Orhan Yıldırım

Tarih: 05.02.2024 17:20

SEN NE TALİHSİZ KOMŞUMUZDUN HATİCE TEYZE

Facebook Twitter Linked-in

ANLATACAKLARIMI ikinci bir kaynaktan değil, yaşayarak, bir kısmına tanıklık ederek öğrendim. Hayatta tanıdığım en talihsiz, en kederli, en kavgacı kadın olan kapı komşumuz Hatice Teyze’nin öyküsü kendi ağzından uzun bir kış gecesinde dinledim.

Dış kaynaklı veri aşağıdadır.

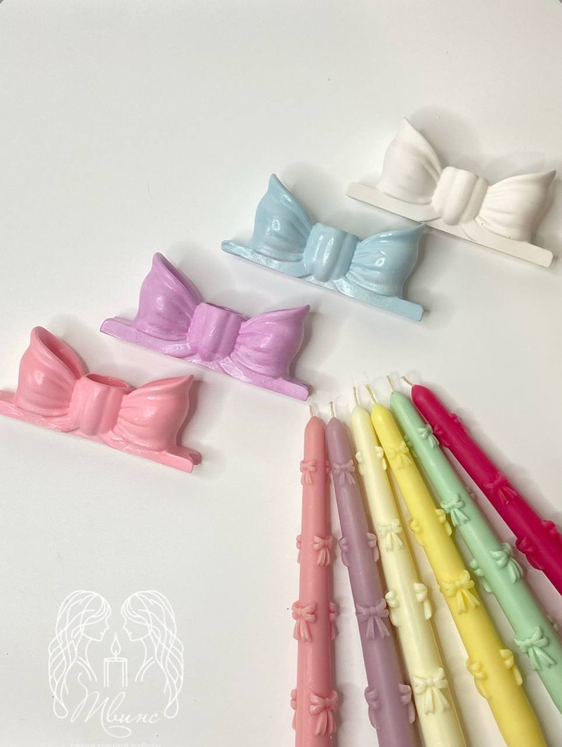 Свеча с Бантиком — тонкая столовая свеча с рельефными бантиками, словно подарок из пастельных грёз.
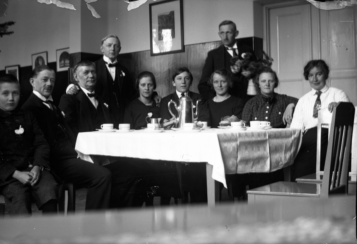 Fem män, fyra kvinnor samt en pojke sitter eller står vid ett kaffebord, i bakgrunden fyra tavlor samt dörrar. Lungkliniken i Eksjö.

Erzurum’un yoksul semtlerinden birisinde beşi kız, dördü erkek 9 kardeşin en büyüğü olarak dünyaya geldi. Babası at arabacıydı. Sebze halinde, bakkal ve manavlara yük taşıyarak evinin nafakasını çıkarırdı. Toprak damlı, sıvasız iki odalı gecekonduda yaşıyordu. Evleri okula yakındı ama babası yoksulluktan hiçbirisini okula gönderememişti. Hatice Teyze 16 yaşında komşularının oğlu 19 yaşındaki Üzeyir’e kaçmıştı. Üzeyir’in de ailesi fakirdi. Üzeyir ile Hatice aile büyüklerinin araya girmesiyle resmi nikah kıyıldı. Bu evlilikten 4’ü kız, 8 çocukları olmuştu.4 tane de düşük yapmıştı Hatice Teyze. Torpilin, rüşvetin, adam kayırmanın yüksek olduğu bir dönemde Üzeyir, asker dönüşü köylüsü olan iktidar partisi milletvekilinin aracılığıyla bir kamu kuruluşunda geçici şoför olarak işe girdi.

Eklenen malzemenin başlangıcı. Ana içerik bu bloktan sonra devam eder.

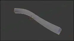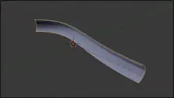 Now try adding a third curve object. (As with custom bevels, only curve objects will work.) Go back to your first curve, find the “Taper Object:” field (it should be next to the “Bevel Object:” field you’ve already used), and select the name of your newly-added curve. The bevelled shape will now most likely squish down in a most peculiar way. Select your third curve, that you are using as a taper, and go into Edit mode. Now try adjust control points, and observe the effect on the bevelled shape: what you should find is that the object-local Y-coordinate of each control point governs the thickness of the bevelled shape at the corresponding position along the shape given by its X-coordinate, while the object-local Z-coordinate doesn’t have any effect.

Hatice Teyze, çocuklarının üzerine titriyordu. Bir apartmanda kirada oturuyorlardı. Ekonomik sıkıntı nedeniyle çocuklarını liseden sonra okutamamıştı. Çocuklar da okumaya isteksizdi. Yoksulluk yuvalarındaki huzuru yok etmişti. Üzeyir içkiye başlamıştı. Akşamları eve sarhoş geliyor, Hatice ile kavga ediyordu. Komşular, kavgayı ayırmak için kapıya dayanıyordu. Bu da kar etmeyince telefon ihbarı ile polis çağrılırdı. Hatice Teyze evin içerisinde, apartman içerisinde ve sokakta bağırıp, çağırıp Üzeyir’i hakaret ve beddua ederdi. Karakolda ise şikayetçi olmazdı. Karakol amiri ve polisler, “Bu yaptığınız çok ayıp. Size hiç yakışıyor mu? Boyunuz kadar çocuklarınız var. Yaşınızdan başınızdan utanın biraz. Haydi barışın. Bir daha burada sizi görmeyelim” diyerek tarafları ikna edip, barıştırıp eve gönderiyordu. Çocuklarda anne ve babalarının kavgalarında annelerinin tarafını tutardı.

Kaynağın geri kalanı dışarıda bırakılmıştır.